Preparation of _SAG_-SCFβ-TRCP1 Complex

The _SAG_-SCFβ-TRCP1 complex was prepared as above, except for the SAG, which was purified separately before complex reconstitution. GST-SAG was grown in LB broth to log phase and induced using 0.4 mM IPTG (Fisher, Chino, CA). Bacteria were harvested after 6 hours at 37°C, centrifuged at 35,000 for 20 minutes, and lysed in 20 ml of bacterial lysis buffer (1x PBS, 10% glycerol, and 0.1% NP-40) by French press. The lysate was spun at high speed for 10 minutes to remove cell debris and then incubated for 5 minutes at room temperature with 500 µl of GSH slurry. After binding, GST-SAG beads were washed thrice in GST wash buffer (1x PBS, 10% glycerol, and 500 mM NaCl) and eluted using 5 mM reduced glutathione (Sigma). The fractions were dialyzed using the same conditions as above, and the protein was examined for concentration and purity using SDSPAGE followed by Coomassie staining. The fraction with the highest purity was combined with insect lysates obtained by the same procedure as above. After the steps noted above, purified complex fractions were rebound to GSH beads, washed twice in lysis buffer (50 mM Tris pH 7.5, 5 mM EDTA, 150 mM NaCl, and 0.5% NP-40), and diluted to 50% slurry. In vitro ubiquitination was preformed on the same day to maintain complex activity.

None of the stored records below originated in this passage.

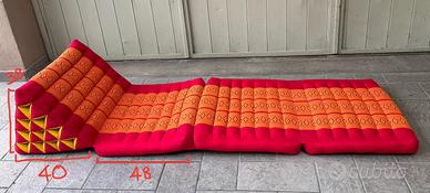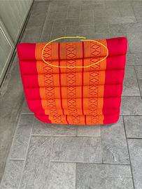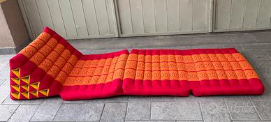 Cuscino/materassino thai in kapok con 3 elementi pieghevoli; dalle foto si vede qualche difetto (macchia) che secondo me è lavabile.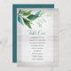 Conçu pour coordonner avec la gamme de papeterie de mariage en bois blanchi VG Invites, ce plan de table botanique rustique présente une gerbe de feuilles vertes aquarelles luxuriantes dans des nuances de verts et de bleus vifs sur le texte de votre choix. Le verso présente une couleur sarcelle complémentaire. Pour voir la papeterie de mariage bohème chic assortie, visitez Do Tell A Belle sur Zazzle.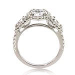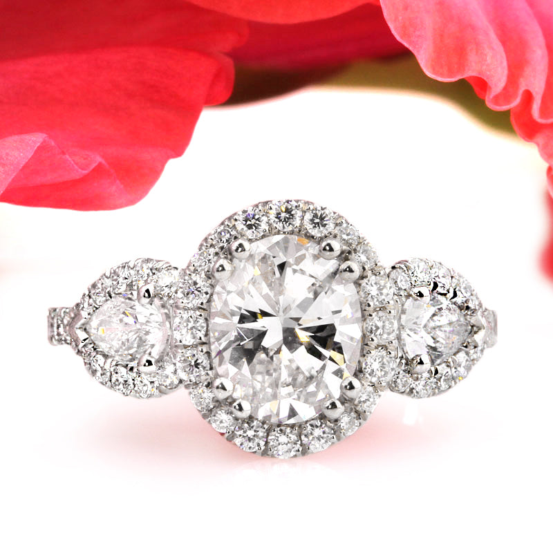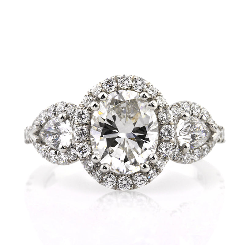 This magnificently beautiful oval cut diamond engagement ring will take your breath away! The outstanding combination this magnificent diamond has and the incredible design is just so amazing. The 1.72ct oval cut center diamond is GIA certified (one of the leaders in diamond grading) at G-VVS2, white and practically flawless! The cut and shape is exceptional as well. It is very difficult to find diamonds in this weight range, especially with such an excellent color and clarity combination! It is flanked by two large pear shaped diamonds with a halo of round diamonds set around each of them. There is a row of round diamonds set down the shank as well. The diamonds are all set in a micro pave style setting which showcases the diamonds perfectly with very little metal showing. This design will also allow for a wedding band to sit perfectly flush with the engagement ring. Amazing from top to bottom. You are going to love it forever!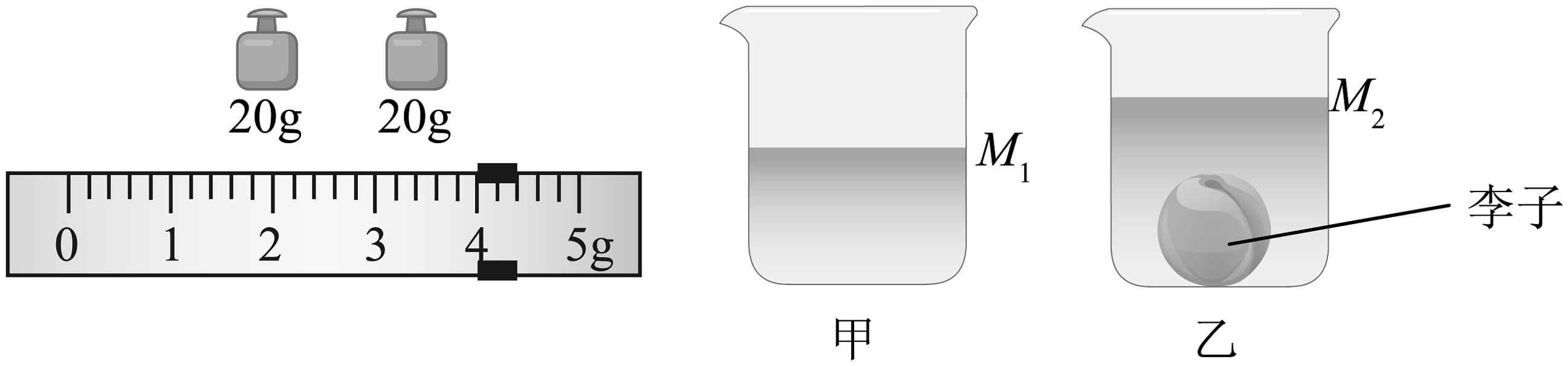②将李子放入凉茶中,李子沉底,如图乙所示,在烧杯上标记此时液面的位置M2;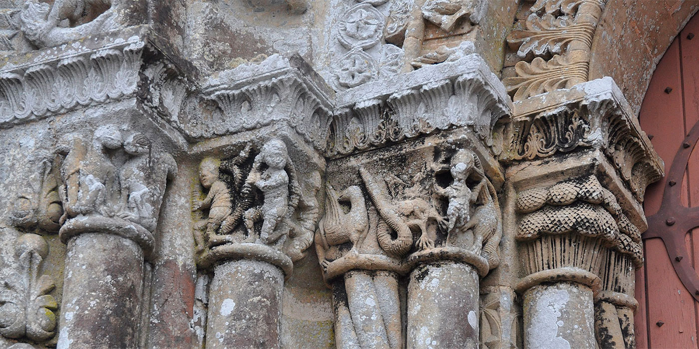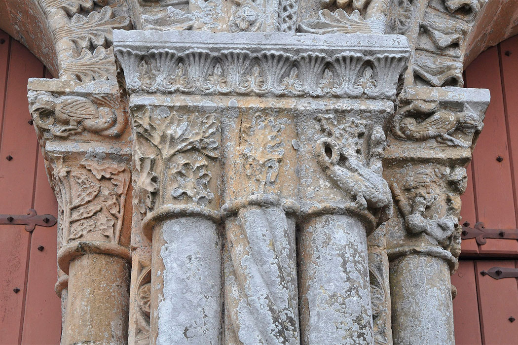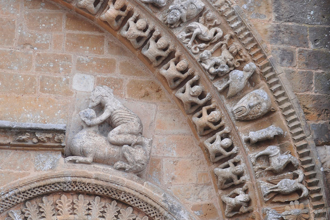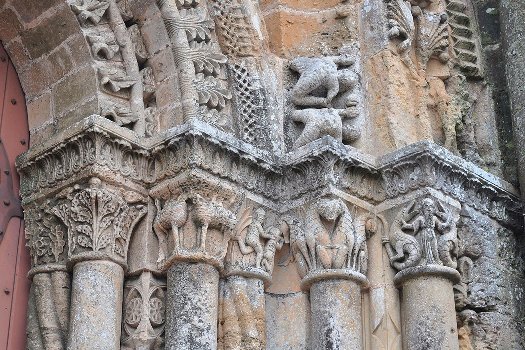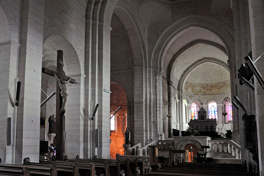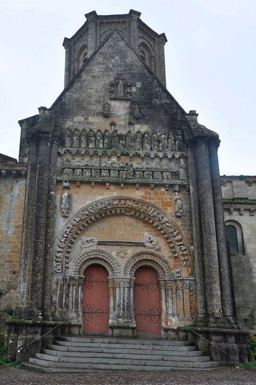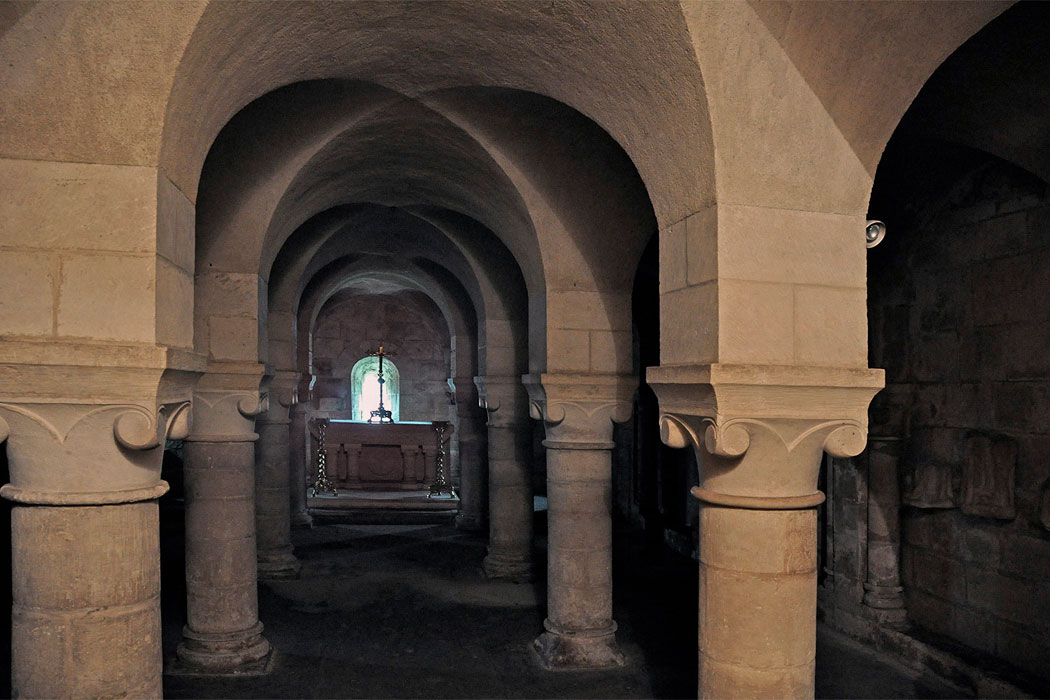 De la iglesia primitiva del siglo XI se conservan tres tramos de la parte occidental, probablemente cubiertos originalmente con bóvedas. Los tres primeros tramos, en cambio, se han perdido. Durante el siglo XII se reconstruyeron la cabecera y los tres tramos orientales de las naves, junto al transepto. En la misma época se levantó la fachada norte del transepto, con un portal doble. Entre los siglos XIV y XV, ese portal románico se completó con un frontón decorado con escenas que representan la Última cena, en la parte inferior, y la Ascensión, en la superior. Todo el conjunto fue restaurado durante los siglos XIX y XX, incluida la cripta, que prácticamente había desaparecido.

Expression and Purification of FLAG-Tagged Pro-Caspase-3

Pro-caspase-3 substrate was prepared from an IPTG-inducible bacterial construct following a similar induction and preparation protocol as noted above for GST-SAG. After French press and centrifugation, 40 µl of 50% monoclonal FLAG M2-conjugated affinity agarose bead slurry (Sigma) was added to the clarified lysate and incubated at 4°C for 4 hours. The beads were washed twice in 1 ml of lysis buffer (50 mM Tris-Cl pH 7.5, 150 mM NaCl, 5 mM EDTA, and 0.5% NP-40) and twice in 1 ml of SNNTE lysis buffer (50 mM Tris-Cl pH 7.4, 500 mM NaCl, 5 mM EDTA, 5% sucrose, and 1% NP-40). They were then eluted using 6x30-µl fractions of 0.1 µg/µl FLAG peptide. Their concentration was then determined by pro-caspase-3 Western blot analysis, and samples of similar concentration were dialyzed in 4 l of Buffer C-100 for 2 hours at 4°C. Five microliters of these final fractions was used per sample for the assays.

In Vitro Ubiquitination

SAG/ROC1-SCFβ-TRCP1-mediated in vitro ubiquitination assay was performed as described previously [26]. Procaspase-3 in vitro ubiquitination assay was carried out in 40 µl of a reaction mixture containing 50 mM Tris-HCl (pH 8.0), 5 mM MgCl2, 0.5 mM dithiothreitol, 2 mM NaF, 3 µM okadaic acid, 400 ng of Uba-1 (Boston Biochem, Cambridge, MA), 400 ng of UbcH3 (Boston Biochem), 1000 ng of HA Ub, 5 mM ATP (Amersham Biosciences, Piscataway, NJ), 1.5 mM ATPγ (Fisher ICN, Chino, CA), and 20 µl of purified ROC1-SCFβ-TRCP1 complex or 8 µl of _SAG_-SCFβ-TRCP1 bead slurry. Five microliters of purified FLAG-tagged pro-caspase-3 was used in each reaction. The mixture was incubated at 37°C for 1.5 hours and analyzed afterward by SDS-PAGE followed by Western blot analysis. Ubiquitinated pro-caspase-3 was detected by immunoblot using monoclonal anti/pro-caspase-3 antibody (BD Transduction Laboratory, San Jose, CA).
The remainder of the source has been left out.